» **DATA SUPPLIED**:
===============
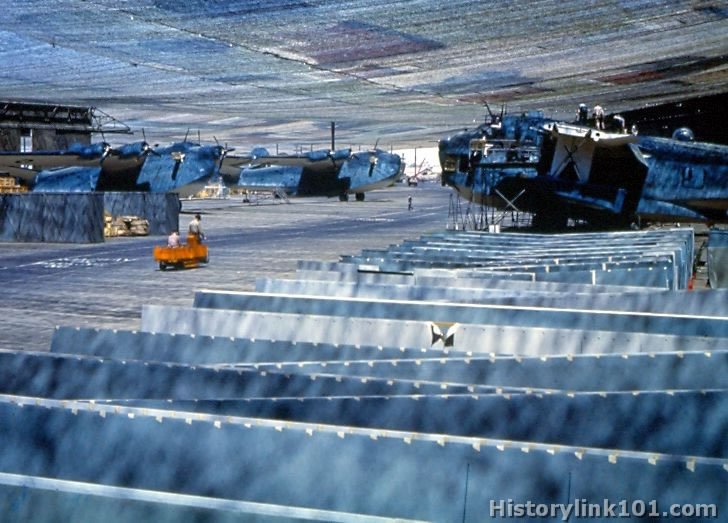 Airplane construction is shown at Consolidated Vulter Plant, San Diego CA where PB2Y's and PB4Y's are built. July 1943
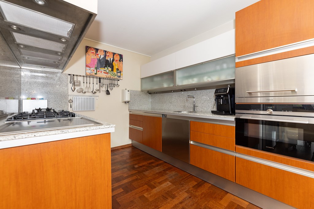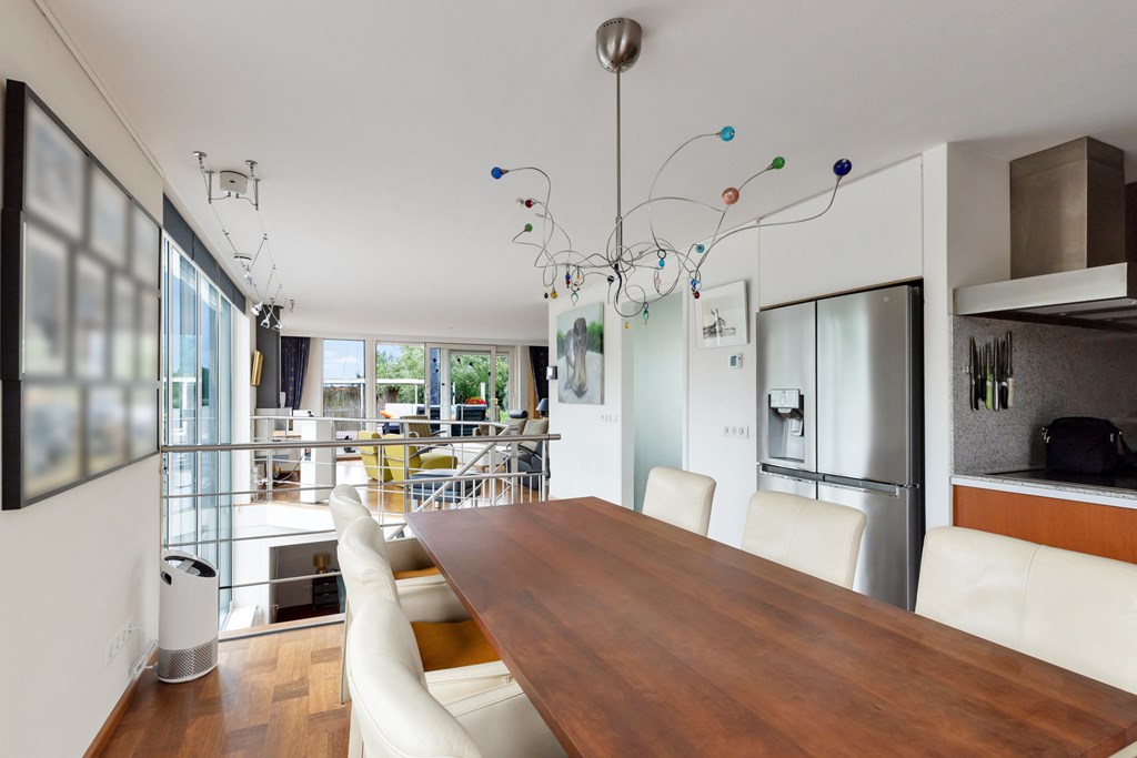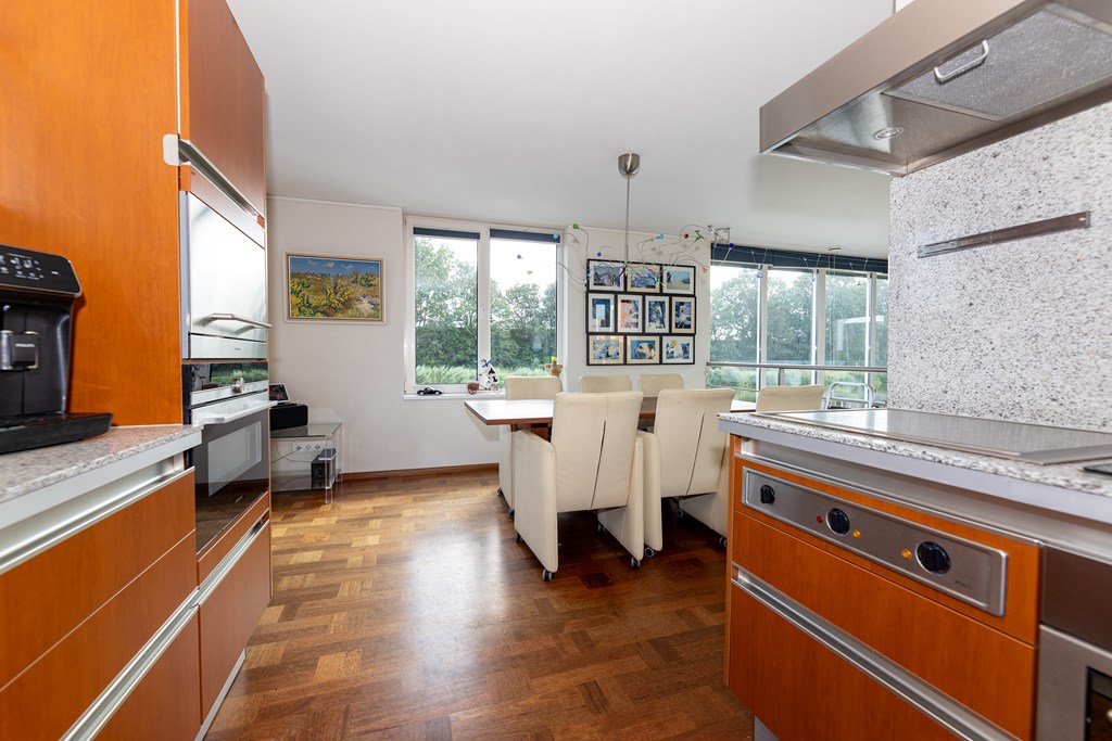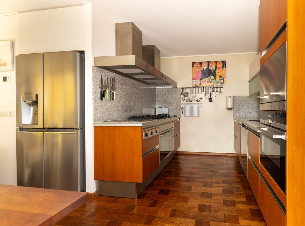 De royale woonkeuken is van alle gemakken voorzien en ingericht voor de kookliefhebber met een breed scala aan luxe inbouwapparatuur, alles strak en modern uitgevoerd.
===============
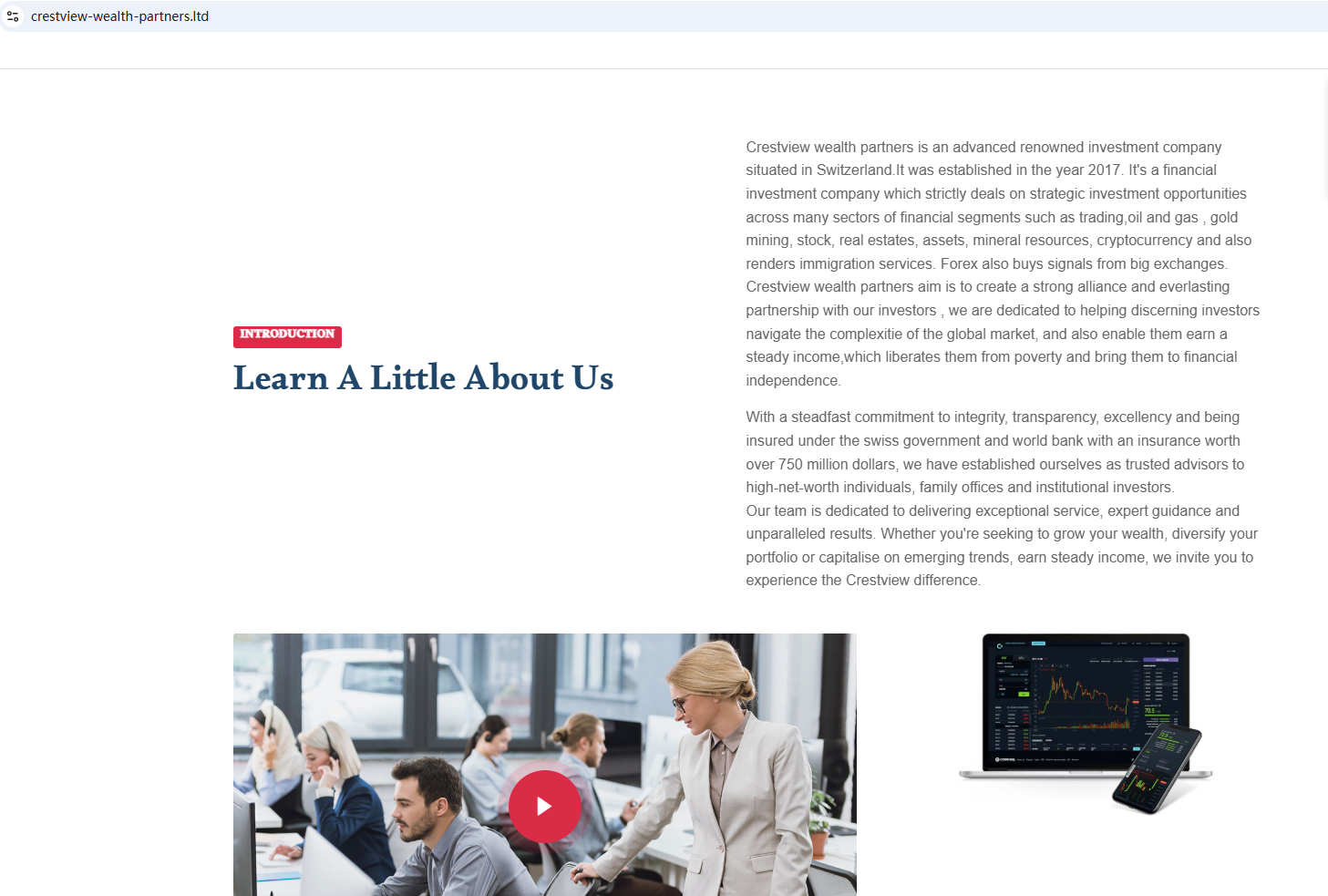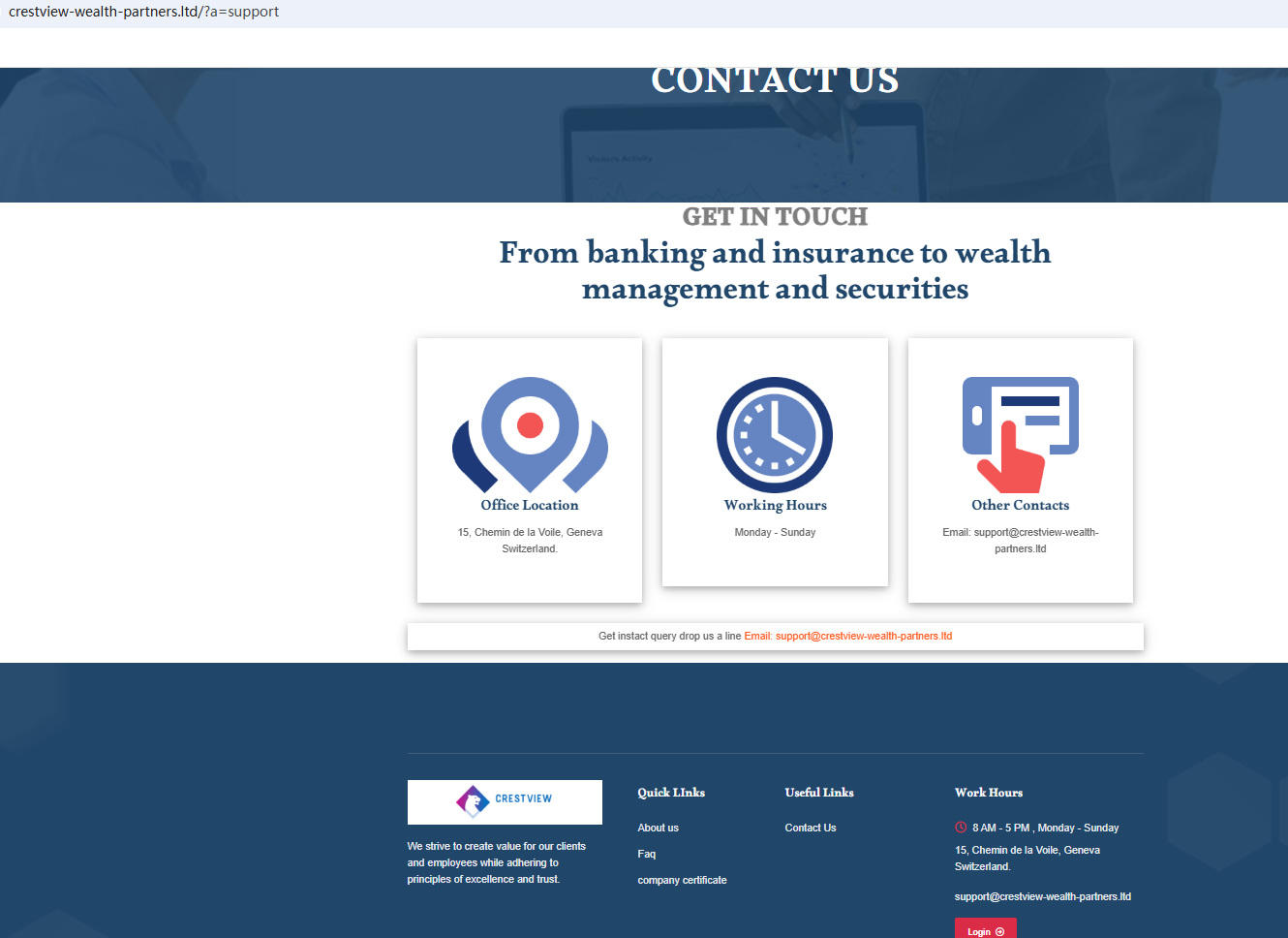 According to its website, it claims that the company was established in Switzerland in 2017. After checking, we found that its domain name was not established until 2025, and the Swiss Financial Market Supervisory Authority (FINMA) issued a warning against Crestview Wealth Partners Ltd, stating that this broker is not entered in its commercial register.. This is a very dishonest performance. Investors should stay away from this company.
===============
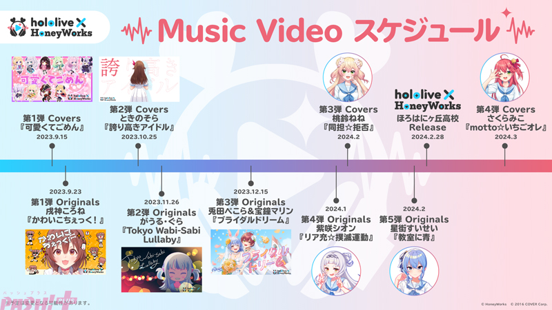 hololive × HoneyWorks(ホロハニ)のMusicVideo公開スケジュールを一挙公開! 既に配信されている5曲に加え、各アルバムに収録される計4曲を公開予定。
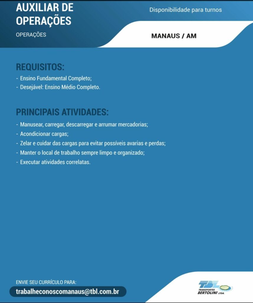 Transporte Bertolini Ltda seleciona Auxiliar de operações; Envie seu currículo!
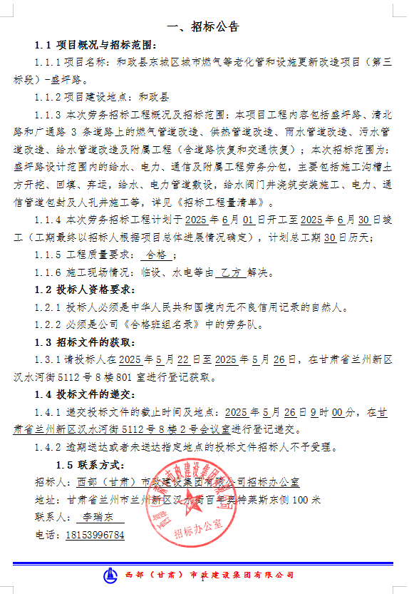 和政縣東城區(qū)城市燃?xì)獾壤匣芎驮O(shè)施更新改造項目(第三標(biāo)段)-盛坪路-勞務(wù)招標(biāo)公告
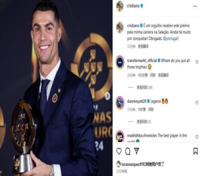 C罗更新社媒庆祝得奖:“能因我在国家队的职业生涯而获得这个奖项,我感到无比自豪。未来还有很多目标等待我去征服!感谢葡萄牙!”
===============
Reproduce the lines above beginning at the line that contains "Airplane construction is" and ending at the line that contains "De royale woonkeuken". No pictures.

» **SOLUTION TO THE PROBLEM**:
 Airplane construction is shown at Consolidated Vulter Plant, San Diego CA where PB2Y's and PB4Y's are built. July 1943
 De royale woonkeuken is van alle gemakken voorzien en ingericht voor de kookliefhebber met een breed scala aan luxe inbouwapparatuur, alles strak en modern uitgevoerd.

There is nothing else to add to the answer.